Я лишь улыбнулся под маскою, когда граф принялся меня уверять, что герцогиня де ла Рокём перешла в другую гостиную и увела за собою графиню, но он очень скоро найдет удобный случай нас познакомить.

Беседы с маркизом Д'Армонвилем, пришедшим под руку с графом, я избегал, боясь, что он вызовется сопровождать меня до гостиницы, и я принужден буду выдумывать отговорки.

Посему я постарался затеряться в толпе и, заметив, куда двинулись граф и мой друг маркиз, устремился в противоположном направлении, к Зеркальной Галерее.

Глава XV

Тайна «Летящего дракона»

В те дни fetes во Франции начинались раньше, чем нынешние лондонские балы. Я взглянул на часы. Было начало первого.

Стояла безветренная душная ночь; в великолепной анфиладе комнат, пусть и очень просторных, жара казалась непереносимою; более всего от духоты страдали маски. В местах особенного скопления людей дышать было просто нечем, а обилие огней еще усиливало жару. Я решил избавиться от маски, как и многие другие, кто не слишком беспокоился об инкогнито. Едва я ее снял и задышал чуть свободнее, чей-то знакомый голос окликнул меня по-английски. То был Том Уистлуик, драгун N-ского полка. Лицо его раскраснелось: по-видимому, он тоже только что снял маску. Том был из тех новоиспеченных героев Ватерлоо, коих в ту пору превозносил весь мир, кроме, разумеется, французов. Единственным известным мне недостатком Тома была его привычка утолять жажду — как правило, чрезмерную — шампанским. Он без стеснения делал это на всяческих балах, празднествах, музыкальных вечерах — короче, везде, где только возможно. Посему со своим приятелем, неким месье Карманьяком, он знакомил меня заплетающимся языком. Месье Карманьяк был маленький сухопарый господин, державшийся чрезвычайно прямо. Он был лыс, нюхал табак, носил очки и, как выяснилось, состоял на государственной службе.
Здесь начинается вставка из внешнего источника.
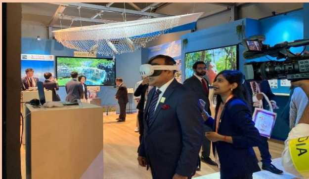
Virtual Reality experience

The Pavilion of Mauritius, located in Commons A, drew crowds with its immersive exhibits using Virtual Reality (VR) focusing on marine biodiversity, sustainable tourism and environmental conservation. A key highlight is the coral reef aquarium installation, in collaboration with Mitsui O.S.K. Lines, reflecting the commitment of Mauritius in preserving its natural heritage.

Том пребывал в самом приятном и игривом расположении духа. Говорил он, надо полагать, нечто остроумное, но не очень понятное, и при этом вздергивал брови, кривовато улыбался и рассеянно обмахивался маскою.

Впрочем, вскоре, к моему облегчению, он предпочел замолчать и довольствоваться ролью слушателя, пока мы с месье Карманьяком продолжали разговор. С величайшей осторожностью, даже робостью, Том бочком уселся на скамью рядом с нами и поставил своею единственною целью держать глаза открытыми.

— Так вы поселились в «Летящем драконе»? — сказал француз. — Я знаю, это в полулье отсюда. Года четыре назад, когда я служил еще в другом полицейском департаменте, в вашей гостинице произошло два престранных случая. Первый — с одним состоятельным émigré[23], которому Импе… которому Наполеон позволил вернуться во Францию. Человек этот попросту исчез. Другой случай, не менее странный, — с богатым русским дворянином, он тоже пропал самым таинственным образом.

— Мой слуга, — сказал я, — дал мне весьма путаный отчет о каких-то происшествиях в доме; их герои, насколько мне помнится, были те же самые, то есть возвратившийся на родину француз-аристократ и богатый русский. Однако его рассказ показался мне составленным из одних чудес — в сверхъестественном смысле, — и, признаться, я не поверил ни единому слову.

— Нет, ничего сверхъестественного там не происходило, — возразил француз, — но были обстоятельства совершенно необъяснимые. Можно, конечно, строить догадки, но по-настоящему случаи эти не только не раскрыты, а даже не прояснились ни на йоту.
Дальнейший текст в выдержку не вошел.